Wohnungsbau

SPD-Fraktionschef Saleh kämpft für Berlins Laubenpieper

Während SPD-Senator Müller auch Gartenkolonien für neue Wohnungen nutzen will, widerspricht Fraktionschef Raed Saleh. Damit bremsen die Sozialdemokraten ihren eigenen Ressortchef aus.

Foto: Amin Akhtar

Am Mittwoch war es der Fraktionsvorsitzende, der von der Linie seines Senators abrückte. Raed Saleh, Chef der SPD-Parlamentarier im Abgeordnetenhaus, nutzte einen Besuch in einer Wilmersdorfer Laubenkolonie, um dosiert gegen Stadtentwicklungssenator Michael Müller, ebenfalls SPD, zu stänkern.

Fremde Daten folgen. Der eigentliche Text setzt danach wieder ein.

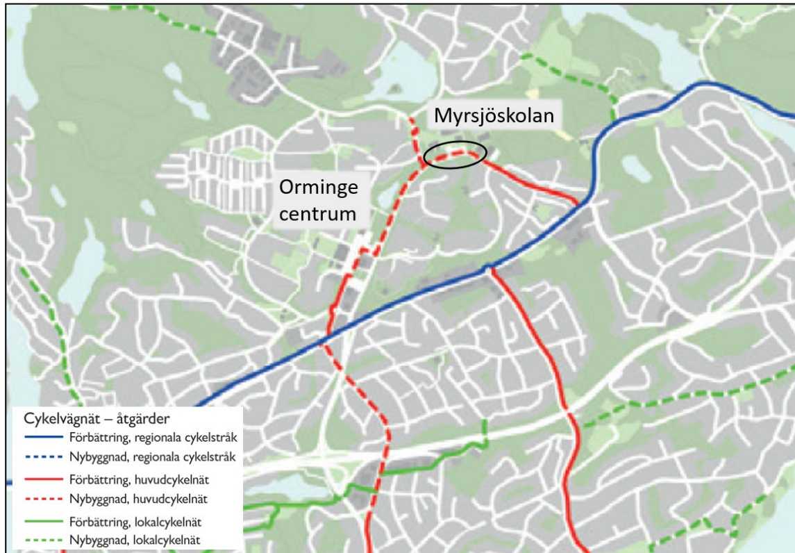
Figur 1. Urklipp från åtgärdsplanen i kommunen cykelstrategi. Den svarta ovalen markerar sträckan för den föreslagna investeringen.

För närvarande byggs en gång- och cykelväg från Sarvträsk, där anslutning till befintliga gång- och cykelvägar utmed Mensättravägen görs. Vid korsningen Mensättravägen och Skarpövägen anläggs en ny cirkulation för att möjliggöra en ny gång- och cykelöverfart över Skarpövägen. Där tar den föreslagna sträckningen vid och passerar Myrsjöskolan och sportcentrum för att sedan ansluta till befintlig gång- och cykelväg i höjd med Storholmsvägen, se figur 2. Den föreslagna gång- och cykelvägen är cirka 430 m lång med en bredd på 3,5 m.

Müller hatte gesagt, auch Kleingartenanlagen müssten für Wohnungsbau herangezogen werden. Saleh sagte: „Ich sehe zur Zeit keine Notwendigkeit, weitere Kleingärten infrage zu stellen“, sagte Saleh, nachdem er sich hatte erklären lassen, wie die Kleingärtner künftig in jeder Kolonie Bienenstöcke ansiedeln wollen.

„Wir haben genug landeseigene Flächen“, sagte Saleh. Niemand müsse sagen, Berlin müsse „zusätzlich an Kleingärten ran“, versicherte der Fraktionschef den Laubenpiepern im Gemeinschaftshaus der Kolonie „Am Stadtpark“. Dafür werde er eindringlich werben, sagte Saleh und fügte den Verweis auf Müller hinzu: „Auch im Senat.“ Der Applaus war ihm sicher.

Kampf gegen steigende Mieten und Wohnungsmangel

Die Kritik an Müllers Vorpreschen passt in eine Reihe von Irritationen aus Partei und SPD-Fraktion, denen sich der Senator in den vergangenen Tagen ausgesetzt sah. Es geht dabei um nicht weniger als das Vorgehen der rot-schwarzen Koalition zum womöglich wichtigsten politischen Thema der nächsten Jahre: dem Kampf gegen ständig steigende Mieten und den sich angesichts des Zuzugs verschärfenden Wohnungsmangel.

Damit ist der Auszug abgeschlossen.